■ Assignment:
Repeat the listing exactly. Pictures stay out of your copy.

*** Opening of Provided data ***

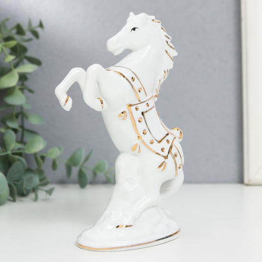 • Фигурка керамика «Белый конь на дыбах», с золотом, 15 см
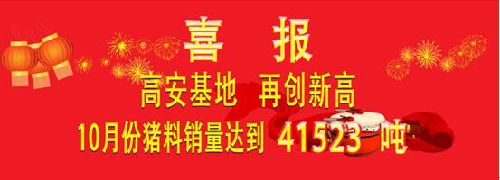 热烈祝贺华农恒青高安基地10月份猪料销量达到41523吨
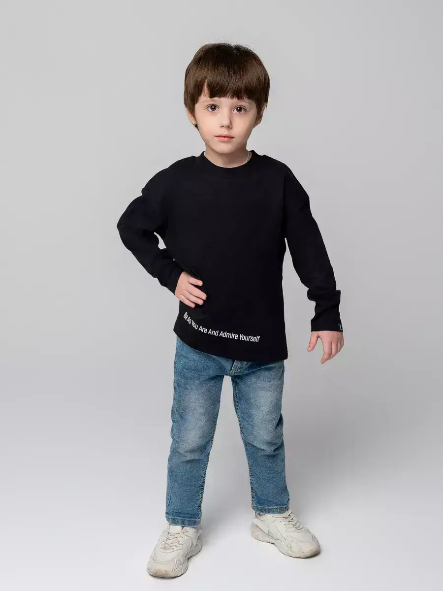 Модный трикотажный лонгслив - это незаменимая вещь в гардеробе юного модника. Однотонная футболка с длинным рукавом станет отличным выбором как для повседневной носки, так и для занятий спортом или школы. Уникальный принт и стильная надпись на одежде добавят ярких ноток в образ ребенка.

*** Close of Provided data ***

■ Finished exercise:
 • Фигурка керамика «Белый конь на дыбах», с золотом, 15 см
 热烈祝贺华农恒青高安基地10月份猪料销量达到41523吨
 Модный трикотажный лонгслив - это незаменимая вещь в гардеробе юного модника. Однотонная футболка с длинным рукавом станет отличным выбором как для повседневной носки, так и для занятий спортом или школы. Уникальный принт и стильная надпись на одежде добавят ярких ноток в образ ребенка.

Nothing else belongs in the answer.